Effects of Evaporative Cooling Air Conditioning on Classroom Pollutants and Thermal Environment
Indoor particles and carbon dioxide concentration are major indices to evaluate indoor air quality. Based on the two-dimensional filler sieving model of the direct evaporative cooling segment, the porous media model was used for the simulation of the water filler section, the filtering efficiency of particle was simulated by adjusting the water drenching density and airflow velocity in different operating conditions. The three-dimensional classroom model used to change the exhaust outlet position and control the use of air conditioners simulated the indoor thermal environment and the changes in pollutant concentration. The Euler method and Lagrangian method were used to analyze the indoor flow field and particle sieving in the direct evaporation section, respectively. Conclusions show that in the application of evaporative cooling and stratum ventilation air conditioning system in classroom, the position of the exhaust port affects the concentration of carbon dioxide in the student’s breathing area. The water filler section can effectively reduce the concentration of particle and carbon dioxide supplied indoors.
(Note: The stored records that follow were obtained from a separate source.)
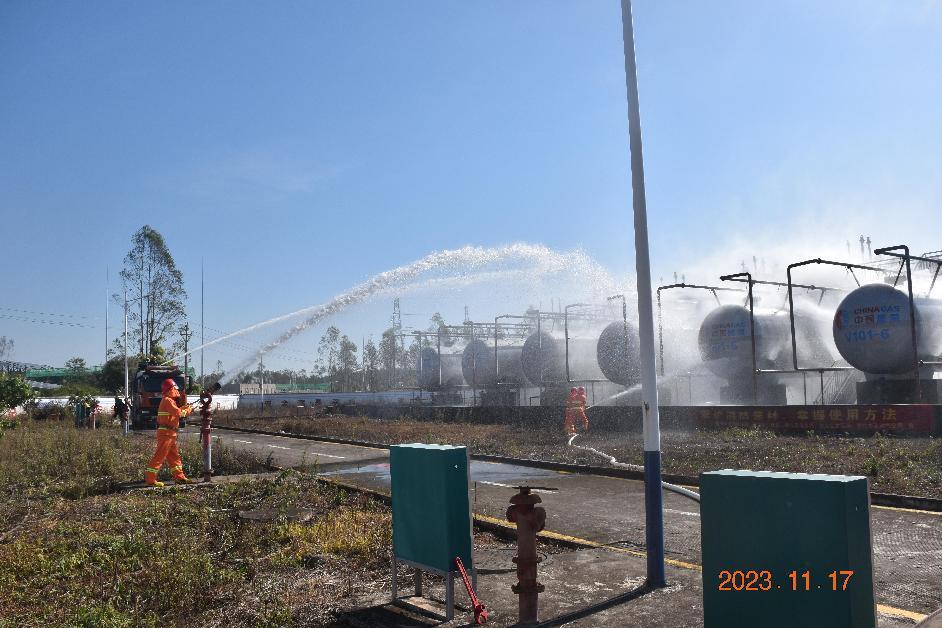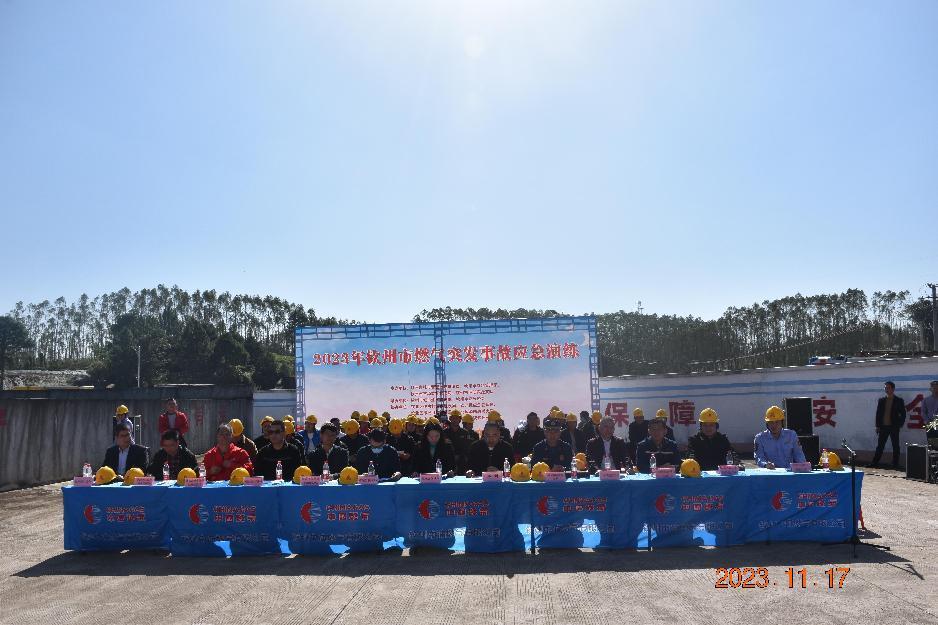 2023年11月17日上午,市城管执法局组织市应急管理局、市场监管局、消防救援支队及钦北区有关部门、燃气企业在钦州中油燃气有限公司储配站开展燃气突发事故应急演练。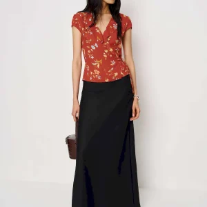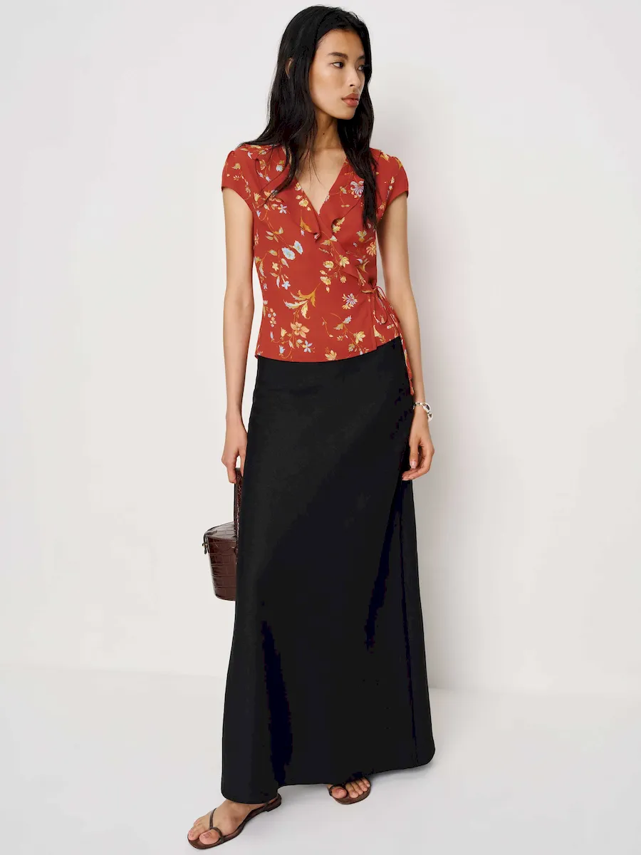 The model is wearing a size 0 and is 5’10”, 24.5″ waist, 34.5″ hips, 31″ bust.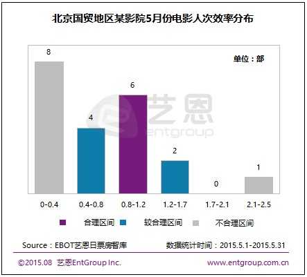 艺恩以人次效率为评价影院排片合理性的指标,人次效率是一部电影的人次占比与场次占比的比值,数值1为最优,实际人次效率与1的差值为偏离值,正偏离值说明场次过少,负偏离值说明场次过多。理想状态中一个影院的电影场次安排应该服从正态分布。该影院有9部电影排片不合理,占比43%,效率有待提高。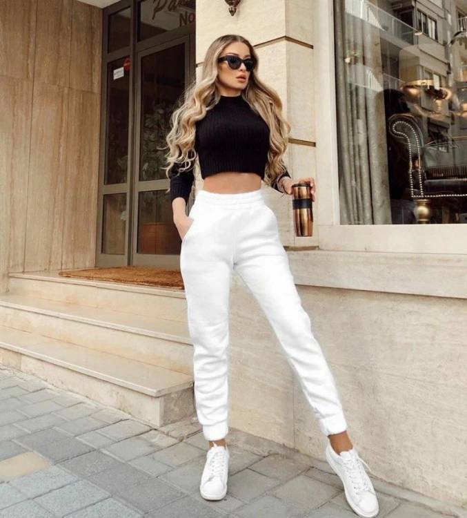 Що стосується вигідної партії до цих штанів, то до них чудово підійдуть повітряні блузи, корсети, легкий світшот і жакети. Ну і звичайно варто звернути увагу на колірну палітру. Щоб не помилитися, рекомендуємо зробити ставку на чорний, білий, смарагдовий, бежевий або винний.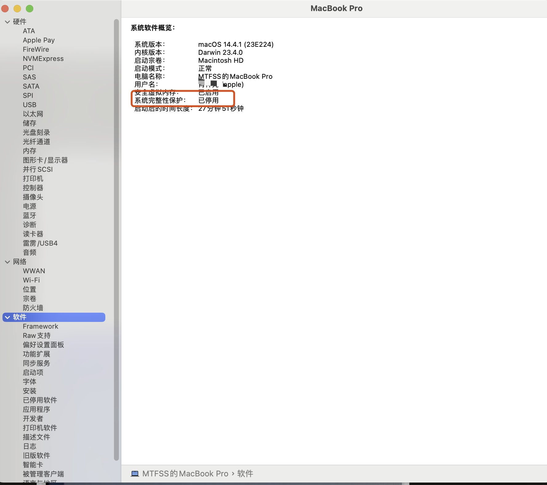 6、出现 System Integrity Protection is off. 证明 SIP 已成功关闭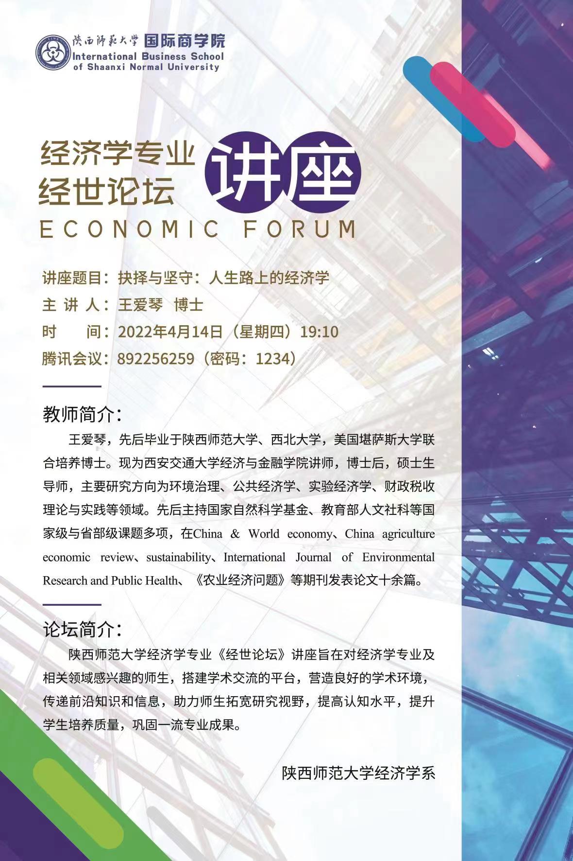 经济学专业经世论坛——抉择与坚守:人生路上的经济学

The filtration efficiency of particle in outdoor air passing through the direct evaporative cooling section based on diffusion, inertial collision, and interception is affected by the combined effect of particle size, onward wind speed, and water spray density. The filtration efficiency of particle increases as the density of the spray water increases. With the increase of head-on wind speed, the filtration efficiency of coarse particulate matter is higher than that of fine particulate matter. The research results help policy makers decide whether to install evaporative cooling air conditioning in schools and determine which exhaust outlet positions are most effective in improving indoor air quality.